Bush and Jeter have expressed confidence privately that they will be able to secure the necessary financing, although a source said the two men were exasperate­d by reports this week that they had reached an agreement in principle to buy the team for $1.3 billion — reports they say are inaccurate.

Bush and Jeter, who don’t have an exclusive deal to buy the Marlins, suspect the team has been spreading misinforma­tion including the terms of the bid, the source said.

The source added that Bush and Jeter may decide, after conducting due diligence that has only just begun, that they do not even want to buy the moneylosin­g team.

“These are not guys who can afford a vanity acquisitio­n,” the source said. “My guess is they will back out.”

A Scaramucci spokesman did not return calls.

Scaramucci worked on Bush’s ill-fated presidenti­al campaign last year.

When it fizzled, Scaramucci pivoted to Trump. Neverthele­ss, Scaramucci and Bush remain on excellent terms and were recently spotted dining together at Rao’s, the power broker’s paradise in Harlem.

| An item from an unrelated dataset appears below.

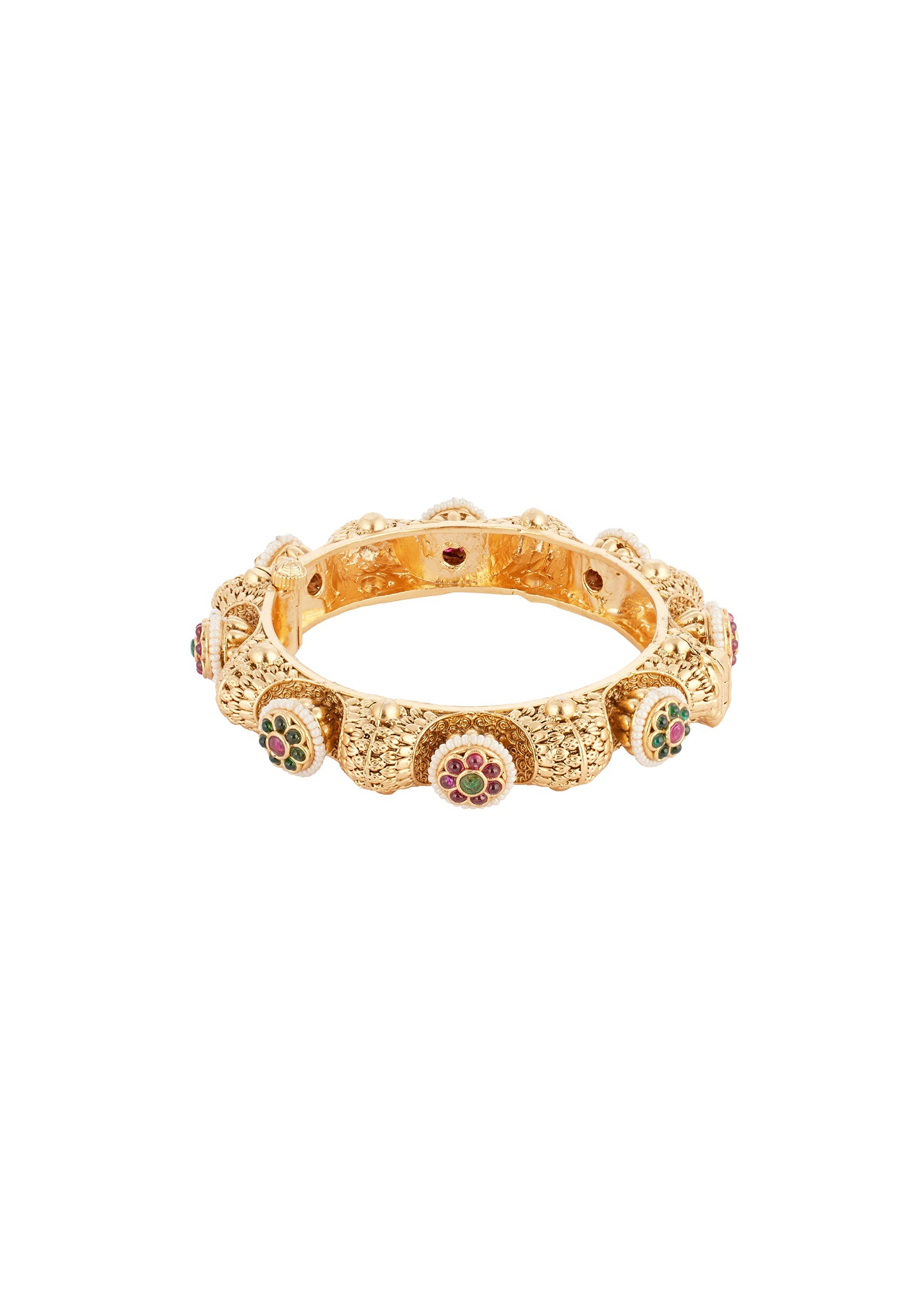 These multi colored gold bangles feature intricate kundan detailing that adds a vibrant and polished charm to your look. The careful craftsmanship highlights their timeless appeal, making them a versatile accessory that pairs beautifully with lehengas, sarees, and indo western ensembles. Lightweight and balanced, they sit comfortably on the wrist while adding a subtle touch of sophistication. Their elegant silhouette makes them perfect for those who appreciate classic style with refined detailing. Awarded as the Most Trusted Brand, we're delivering styles you love, just as promised.

The 52-year-old Scaramucci founded the global investment firm SkyBridge Capital in 2005. He sold it earlier this year to make himself eligible for a role in President Trump’s administra­tion.

In the baseball world, Scaramucci earned fame last year when he teamed with two other people to buy Mike Piazza’s “9/11 jersey” — the Mets jersey he wore on Sept. 21, 2001. That day, Piazza hit a game-winning homer in the first New York City baseball game immediatel­y after the terrorist attacks — from an anonymous seller for $365,000.